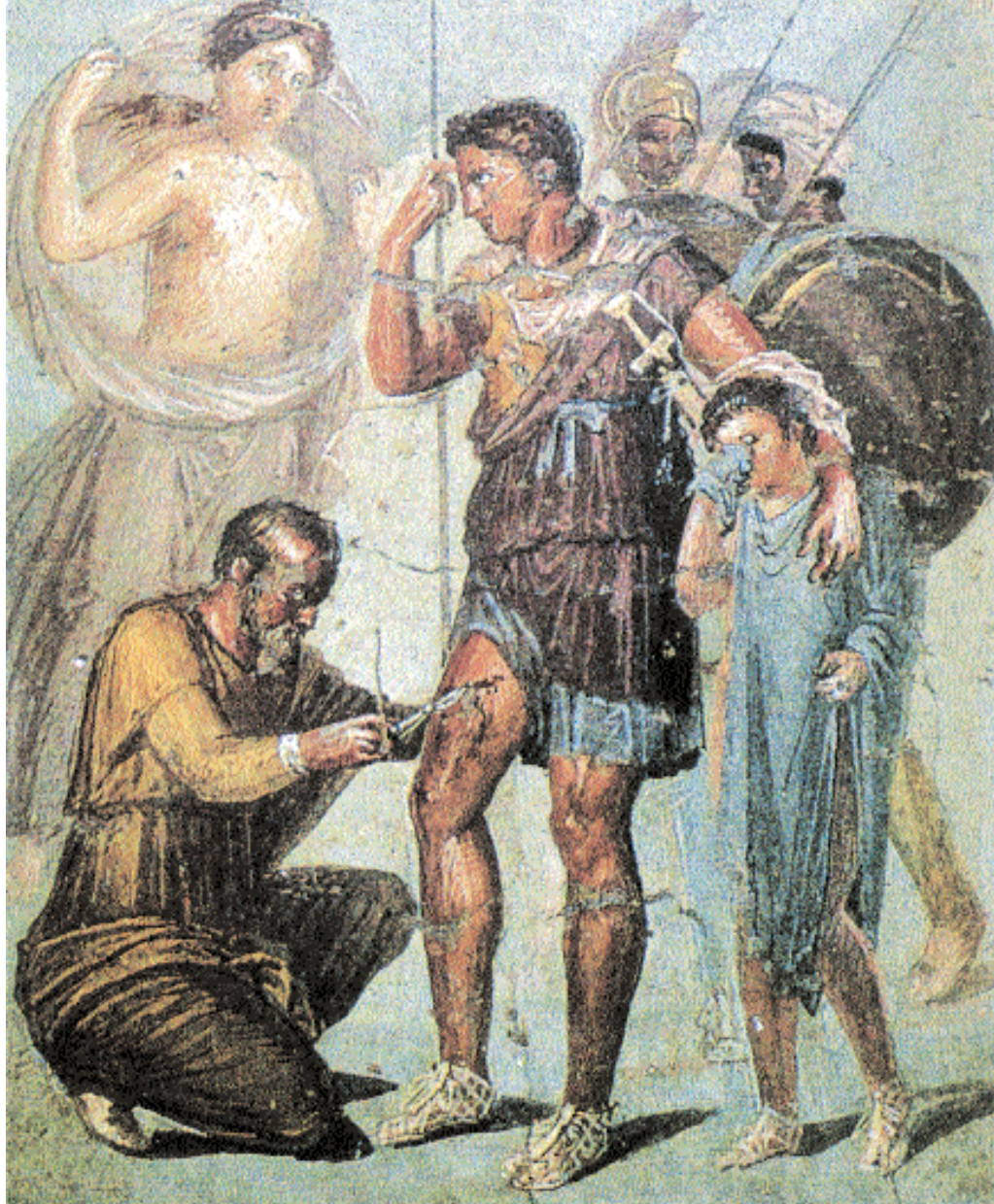
6. Ο γιατρός Ιάπυξ ενώ προσπαθεί να βγάλει αιχμή βέλους από τον δεξιό μηρό του Αινεία. Ο Βιργίλιος αναφέρει ότι το τραύμα επούλώθηκε τελικά χάρη στην τοποθέτηση στην πληγή του θεραπευτικού βοτάνου δίκταμον, που εδώ απεικονίζεται να φέρνει η μητέρα του ήρωα θεά Αφροδίτη. Τοιχογραφία από την οικία του Σιρίκου στην Πομπηία. 1ος αι. μ.Χ. Νεάπολη, Εθνικό Αρχαιολογικό Μουσείο.
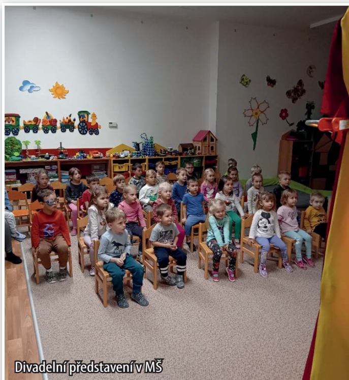
Divadelní představení v MŠ
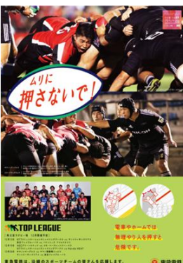
キャンンイーグルス リコーブラックラムズ 「無理に押さない」編
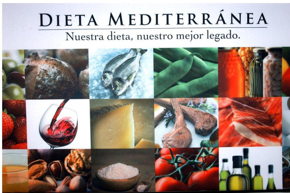
Figura 2.11. Cartel dieta mediterránea

Chipre, Croacia, España, Grecia, Italia, Marruecos y Portugal comparten en la Lista la dieta mediterránea como Patrimonio Cultural Inmaterial de la Humanidad (2013), está compuesto por todas las competencias culinarias, rituales y tradiciones vinculadas al cultivo, pesca, ganadería y al modo de cocinar y consumir los alimentos mediterráneos. Constituye un modo de vida caracterizado por valores como la hospitalidad, creatividad y respeto por la diversidad, transmitido de generación en generación en los países mediterráneos. Comprende también la artesanía y elaboración de recipientes para la conservación y consumo de alimentos (cerámicas, platos y vasos). ( https://ich.unesco.org/es/RL/la-dieta-mediterranea-00884 . Consultado el 29/05/2017).
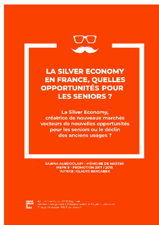
Sabina Aubdoolary, mémoire de Mastère
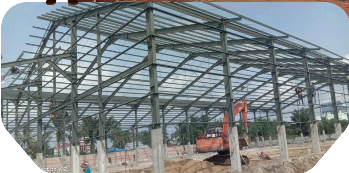
Pembuatan Pabrik Akrilik PT. TODA - PT. Megaland Infra Perkasa Lok. Perigi Mekar, Kab. Bogor
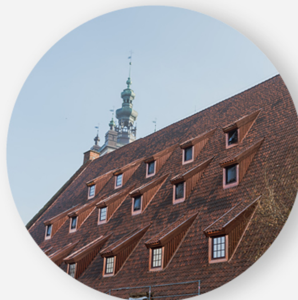
Muzeum Bursztynu w Wielkim Młynie (czerwiec 2021)
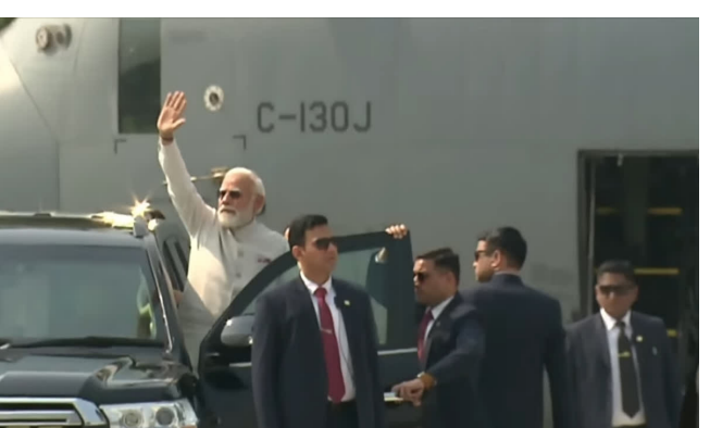
ప్రధాని మోడీ ప్రారంభించారు. ఇవి ఈశాన్య ప్రాంతంలో కనెక్టివిటీ, డిజిటల్ మౌలిక సదుపాయాలు, ఉన్న విద్యుత్ వంటి అంశాలను బలోపేతం చేసే లక్ష్యంగా ఉన్నాయి. శనివారం మధ్యహ్నం బ్రహ్మపురి నదిపై వంతెనను, ఈశాన్య ప్రాంతానికి డేటా సెంటర్ సహా అసోంలోని పలు ప్రాజెక్టులను ప్రధాని మోడీ శనివారం ప్రారంభించారు. గోవాపూర్-నుమలిపూర్ మధ్య అందర్ వాటర్ రోడ్డు, టెన్సెల్ ఏర్పాటుకు క్యాబినెట్ ఆమోదించింది. 34 కిలోమీటర్ల మేర అందర్ వాటర్ టెన్సెల్ నిర్మాణం చేపట్టాలని నిర్ణయం తీసుకుంది. ఈ టెన్సెల్ నిర్మాణంతో 250 కిలోమీటర్ల దూరం తగ్గుతుంది. ఈ టెన్సెల్ నిర్మాణం ద్వారా 6 గంటల సమయం వద్ద గమ్యస్థానాన్ని కేవలం 20 నిమిషాల్లోనే చేరుకునే అవకాశం ఉంది. బ్రహ్మపురి నది కింద రైల్వేస్టేషన్, నేషనల్ హైవే కోసం టెన్సెల్ నిర్మించనుంది. అలాగే కసారా-మన్యూడ్ మూడు, నాలుగో రైల్వేస్టేషన్ ప్రాజెక్టుకు

ఈశాన్య రాష్ట్రం అసోం చారిత్రక ఘట్టానికి సాక్షిగా నిలిచింది. అసోంలో ఏర్పాటు చేసిన తొలి ఎమర్జెన్సీ ల్యాండ్ ఇంగ్ ఫెసిలిటీను శనివారం ప్రధానమంత్రి నరేంద్ర మోడీ ప్రారంభించారు. దిబ్రూగఢ్ లోని మొరాన్ బైపాస్ వద్ద తీర్చిదిద్దిన ఎమర్జెన్సీ ల్యాండ్ ఇంగ్ ఫెసిలిటీపై సీ130జే విమానంలో మోడీ ల్యాండ్ దిగారు. తొలవడం చలువా ఎయిర్ ఫీల్డ్ కు చేరుకున్న ప్రధాని మోడీ అక్కడ సీ 130 జే విమానం ఎక్కి మొరాన్ బైపాస్ ఎమర్జెన్సీ ల్యాండ్ ఇంగ్ ఫెసిలిటీ దిగారు. అదే ఈఎల్ ఎఫ్? పై ఆరు నిక యుద్ధ విమానాలైన రఫేల్, సుఖోయ్-30, హెలికాప్టర్ విన్యాసాలను ఆయన తిలకించారు. దాదాపు 40 నిమిషాలు పాటు ఈ విన్యాసాలు జరిగాయి. అంతకుముందే ఈ ఎమర్జెన్సీ ల్యాండ్ ఇంగ్ ఫెసిలిటీ గురించి ప్రధాని మోడీ తన ఎక్స్? ఖాతాలో పోస్ట్ చేశారు. క్లిష్ట సమయంలో సహాయ కార్యకలాపాలకు, అత్యవసర ప్రతిస్పందనకు ఈ ఈఎల్ ఎఫ్ కీలకమని పేర్కొన్నారు. ఈఎల్ ఎఫ్ ప్రత్యేకత ఇదేనైనా సరిహద్దులకు సమీపంలో దేశ రక్షణకు ఈ ఈఎల్ ఎఫ్ కీలకం కానుంది. 4.2 కిలోమీటర్ల పొడవైన ఈ హైవే కోసం దాదాపు 100 కోట్లు ఖర్చు చేశారు. అత్యవసర సమయాల్లో సైనిక, పౌర విమానాల ల్యాండ్ ఇంగ్, టేకాఫ్ కోసం భారత వైమానిక దళం(ఐఎఫ్ఎఫ్) సమస్యలతో ఈ ఈఎల్ ఎఫ్?ను ప్రత్యేకంగా అభివృద్ధి చేశారు. దీని వల్ల సరిహద్దు ప్రాంతాల్లో ఉద్రిక్తతలు జరిగినప్పుడు భారత వాయుసేన వేగంగా స్పందించేందుకు అవకాశం ఉంటుంది. 40 టన్నుల వరకు యుద్ధ విమానాలను, 74 టన్నుల గరిష్ట బెరుకట్? బయటపెట్టే గల రవాణా విమానాలను నిర్వహించగలదు. టేకాఫ్, ల్యాండ్ ఇంగ్?కు అనుకూలంగా దీనిని రూపొందించారు. ఇప్పటికే పశ్చిమ, ఉత్తర, మధ్య భారత్ లో ఈ ఈఎల్ ఎఫ్ లు ఉన్నాయి. రూ. 5,450 కోట్లకు పైగా విలువైన అభివృద్ధి ప్రాజెక్టులను కూడా
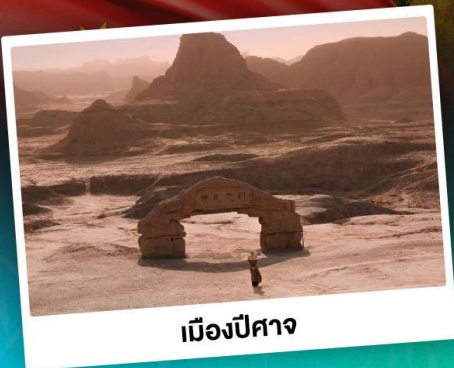
เมืองปีศาจ
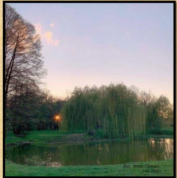
פארק המכונה "חרשת הקופים"
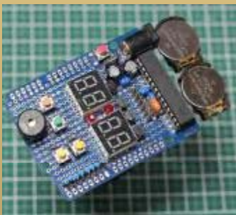
製作例 基板1枚で時限タイマー
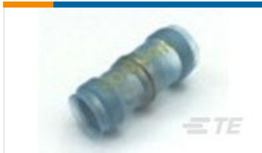
TE 产品编号695181-000 B-023-04
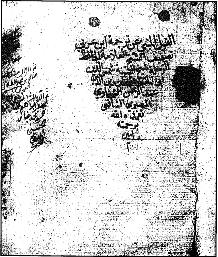
غلاف «القول المنبئ» للسخاوي (ت: ٩٠٢هـ) نسخة تشستر بيتي (٤٨٧٨)
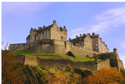
Die Burg «Edinburgh Castle» ist das Wahrzeichen von Edinburgh

Anmelden: möglichst schnell, jedoch spätestens bis 10. September 2017
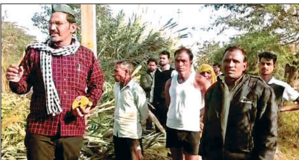
मानक के अनुसार सफाई न होने पर विरोध करते किसान।

किसानों ने बताया कि यदि इसी तरह की अधूरी खुदाई जारी रही तो माइनर में पानी छोड़े जाने पर खंडी कटने का खतरा बढ़ जाएगा। किसानों ने यह भी बताया कि हर सीजन में कटान होने से हजारों बीघा क्षेत्र जलमग्न हो जाता है, जिससे
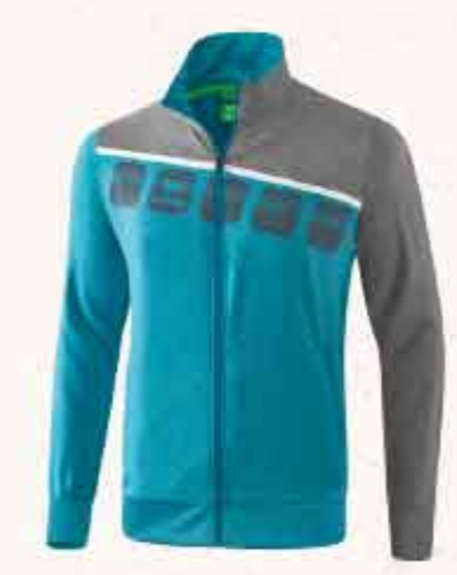
VESTE DE PRÉSENTATION CHF 85,-

Le design asymétrique rencontre l'impression stylée. Teamline 5-C offre un confort exceptionnel. La fonction intégrale et les détails sélectionnés constituent la collection. Elle est disponible en deux couleurs avec cinq cubes au design épuré. Assorti à la gamme Essentials et à notre gamme Essential 5-C Basics.
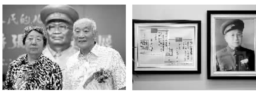
毛主席签署的张云逸出任广东省政府主席的任命状(左)。

“每次整理父亲的遗物,都是对父亲的一次再认识,仿佛更能读懂父亲的心。”张远之从北京核工业总公司退休后,大部分时间都在整理父亲生前的遗物。
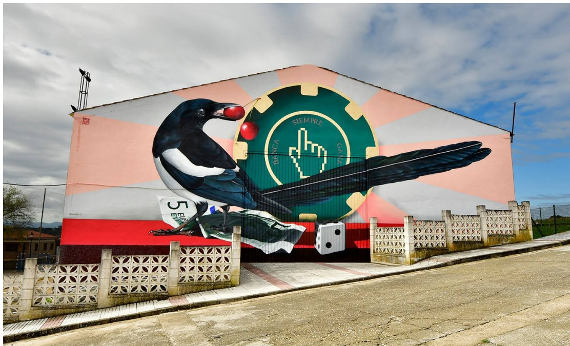
Morcillo: Brea/Ludopatía (M.C. 2018)
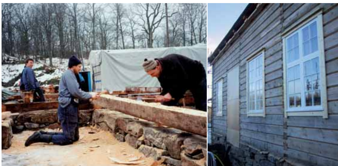
T.v. överst. Tjänstefolksbyggnaden med hönshus har fått inrymma Gunnebo Kaffehus och Krog.

Tjänstefolksbyggnaden med hönshuset var den första byggnad som rekonstruerades och uppfördes i projektet «Gunnebo åter till 1700-talet». Carlbergs ritning till detta hus fanns bevarad, men vid en arkeologisk undersökning av platsen visade det sig att byggnaden aldrig hade blivit uppförd. Rekonstruktionen uppfördes i alla fall efter Carlbergs ritningar med byggteknik och material typiska för 1700-talet. Byggnaden 'moderniserades' för att anpassas till dagens restaurang-
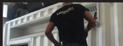
MAINTENANCE CONTRACTS CONTRATS D'ENTRETIEN
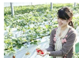
お菓子の城 いちご狩り

【びゅう旅行商品出発日：1/5～1/31】※発売停止 那須塩原駅からのレンタカーとお菓子の城 那須ハートランドでのいちご狩りがセットになったプランです。那須高原のドライブと「スカイベリー」の食べ放題がお楽しみいただけます。
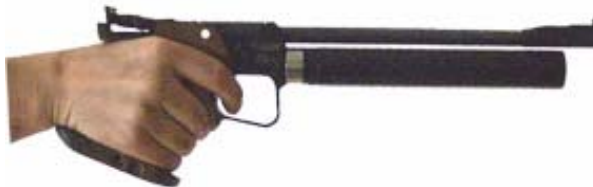
Handauflage optimal / Luftpistole
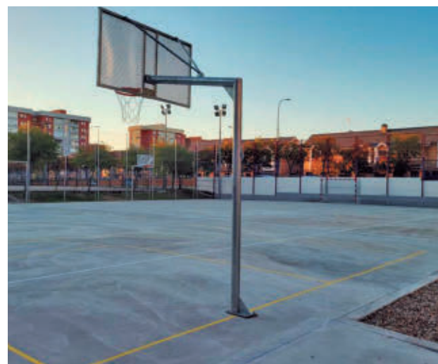
Una pista deportiva de Fuenlabrada AYUNTAMIENTO DE FUENLABRADA

GenteMadrid.es Consulte la actualidad regional y local en nuestra página web
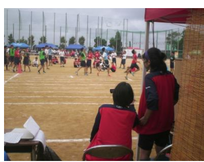
リレーも収録しています。
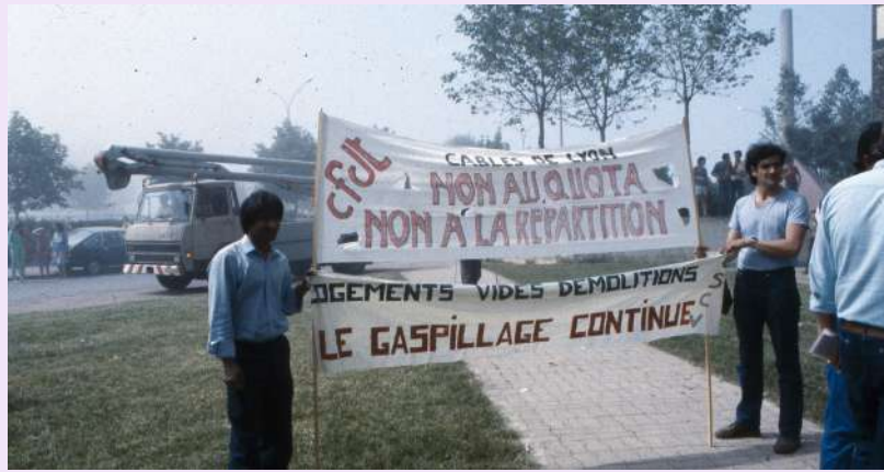
Manifestation contre les logements vides à Monmousseau, 1983, photographie couleur, 20 x 15 cm
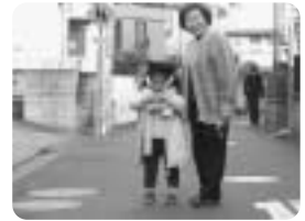
ふれあい子育て活動風景

どちらもボランティアの気持ちのある住民の方に協力会員（援助会員）として活動していただいています。
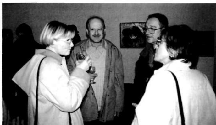
Prijateljsko srečanje po občnem zboru muzejskega društva.
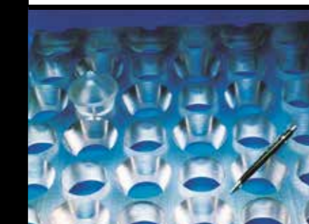
CONTROLETAFEL IN PC (ELEKTRONISCHE ASSEMBLAGE)
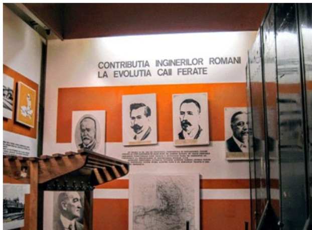
La Muzeul CFR din Gara de Nord

Înainte de a începe povestea trebuie spus că în toate regiunile istorice ale țării primele căi ferate au fost construite de companii străine, lucru normal fiindcă ne aflam atunci sub stăpânire străină și nici nu existau antreprize românești cu experiență în proiecte-mamut.
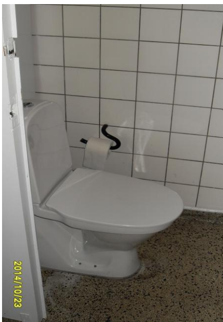
A Trange forhold i toiletkabine
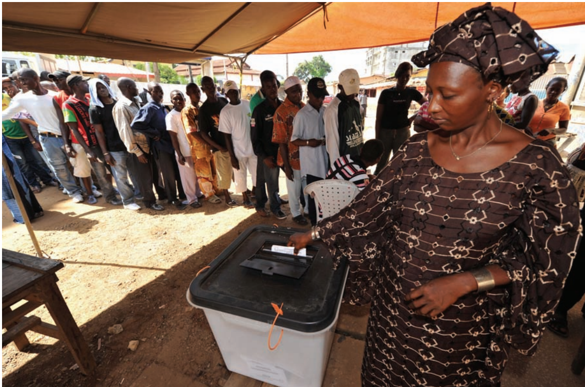
Femme votant dans un bureau de vote de Conakry le 7 novembre 2010.

La corruption tant dans le secteur public que privé est endémique en Guinée. Qu'il s'agisse d'actes de corruption à petite échelle et de demandes de pots-de vin auxquels se livrent des fonctionnaires de première ligne, ou d'extorsion, de détournement de fonds et de négociations de contrats illicites qui se trament dans l'ombre, les personnes impliquées dans des pots-de-vin et autres formes de corruption font rarement l'objet d'enquêtes, et sont encore moins souvent traduites en justice. Les anciens dirigeants guinéens ont aussi en grande partie mal géré, détourné et dilapidé les revenus émanant des abondantes ressources naturelles du pays, privant ainsi la majorité de la population d'un accès aux soins de santé et au niveau d'éducation les plus élémentaires. Par voie de conséquence, la Guinée est l'un des pays les plus pauvres du monde et enregistre des taux d'analphabétisme adulte et de mortalité infantile et maternelle parmi les plus élevés au monde, en dépit de ses ressources naturelles.
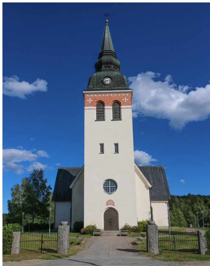
Ullångers kyrka.

I pastoratet finns 13 kyrkobyggnader. Sex av dem är medeltida. Alla är värdefulla men de medeltida har ett särskilt historiskt och kulturellt värde, samtidigt som de är gudstjänstrum för vår och kommande generationer. Församlingshemmen är elva till antalet och används året runt på olika sätt. I anslutning till pastoratets krematorium (Ångermanlands enda) finns Mariakapellet med tillhörande utrymmen för samlingar. I Bjärträ, Nordingrå och Ytterlännäs finns begravningskapell och i Gudmundrå finns Kramfors kapell som mest används sommartid. Av kapellen från Gävlefiskarnas tid utmärker sig Barsta som är oförändrat från 1699 till idag. Kapellen ägs och sköts av kapellag och det finns överenskommelser om användningen av dem för gudstjänster och kyrkliga handlingar. Detsamma gäller för Stavkyrkan på Mannaminne. Kapellen i Berghamn och Marviksgrunnan ägs av pastoratet. Pastoratet är alltså rikt rustat med byggnader för verksamheten men också med deras medföljande nödvändiga underhållskostnader. Framtiden bär i sitt sköte incitament till ett grannlaga prioriteringsarbete i kommande lokalförsörjningsplaner.
========================================
> Problem details
Bring together all lines in the records where the word "Tjänstefolksbyggnaden" is found.

> Completed exercise
T.v. överst. Tjänstefolksbyggnaden med hönshus har fått inrymma Gunnebo Kaffehus och Krog.
Tjänstefolksbyggnaden med hönshuset var den första byggnad som rekonstruerades och uppfördes i projektet «Gunnebo åter till 1700-talet». Carlbergs ritning till detta hus fanns bevarad, men vid en arkeologisk undersökning av platsen visade det sig att byggnaden aldrig hade blivit uppförd. Rekonstruktionen uppfördes i alla fall efter Carlbergs ritningar med byggteknik och material typiska för 1700-talet. Byggnaden 'moderniserades' för att anpassas till dagens restaurang-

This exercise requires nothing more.